Give the data again exactly as written, skipping any pictures.

[COLLECTED MATERIAL Boundary: Start]

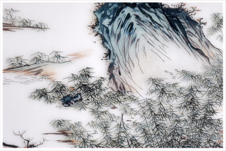 【品 牌】:嬌古 (作品代碼 D-1028) 【品 名】:南岸山水裝飾畫(手工蘇繡) 【品 質】:1-2絲刺繡 (蘇繡小知識:1根蘇繡絲線可分為16絲,中檔刺繡皆為10絲所繡,中高檔刺繡皆為6-8絲,高檔刺繡皆為4-6絲,精品刺繡皆為1-4絲) 【尺 寸】:畫心尺寸50*100cm 整體尺寸75*130cm 【產品工藝】:手工刺繡 【絲線材質】:蠶絲線 。 【用 途】:居家裝飾或送政府禮品、外賓禮品、生日禮物、賀壽禮品、領導升遷、出國禮品等等。 【出廠價格】:15000元 【細節(jié)圖】
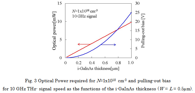 Figure 3 shows the required optical power for a carrier density of N = 1×1018 cm-3 (the red line) and required pulling-out bias for 10 GHz THz signal (the blue line). With this structure, the optical signal power and the bias voltage can be suppressed to less than 10 mW and 10 V, if the thickness of i-GaInAs is less than 0.6 μm. For thinner i-GaInAs thickness, higher modulation speed can be possible.
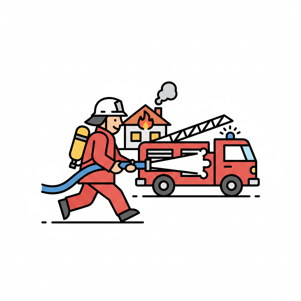 Feuerwehrmann löscht brennendes Haus mit Schlauch, daneben ein Feuerwehrauto. Einfache Illustration.
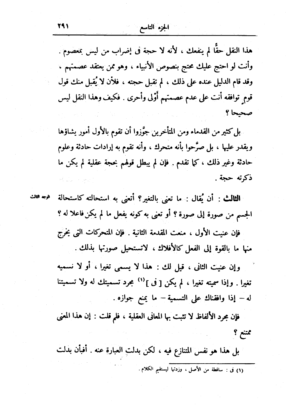 أن يقال: ما تعني بالتغير؟ أتعني به استحالته كاستحالة الجسم من صورة إلى صورة؟ أو تعني به كونه يفعل ما لم يكن فاعلاً له؟

[COLLECTED MATERIAL Boundary: End]

▶ OUTPUT OF THE TASK
 【品 牌】:嬌古 (作品代碼 D-1028) 【品 名】:南岸山水裝飾畫(手工蘇繡) 【品 質】:1-2絲刺繡 (蘇繡小知識:1根蘇繡絲線可分為16絲,中檔刺繡皆為10絲所繡,中高檔刺繡皆為6-8絲,高檔刺繡皆為4-6絲,精品刺繡皆為1-4絲) 【尺 寸】:畫心尺寸50*100cm 整體尺寸75*130cm 【產品工藝】:手工刺繡 【絲線材質】:蠶絲線 。 【用 途】:居家裝飾或送政府禮品、外賓禮品、生日禮物、賀壽禮品、領導升遷、出國禮品等等。 【出廠價格】:15000元 【細節(jié)圖】
 Figure 3 shows the required optical power for a carrier density of N = 1×1018 cm-3 (the red line) and required pulling-out bias for 10 GHz THz signal (the blue line). With this structure, the optical signal power and the bias voltage can be suppressed to less than 10 mW and 10 V, if the thickness of i-GaInAs is less than 0.6 μm. For thinner i-GaInAs thickness, higher modulation speed can be possible.
 Feuerwehrmann löscht brennendes Haus mit Schlauch, daneben ein Feuerwehrauto. Einfache Illustration.
 أن يقال: ما تعني بالتغير؟ أتعني به استحالته كاستحالة الجسم من صورة إلى صورة؟ أو تعني به كونه يفعل ما لم يكن فاعلاً له؟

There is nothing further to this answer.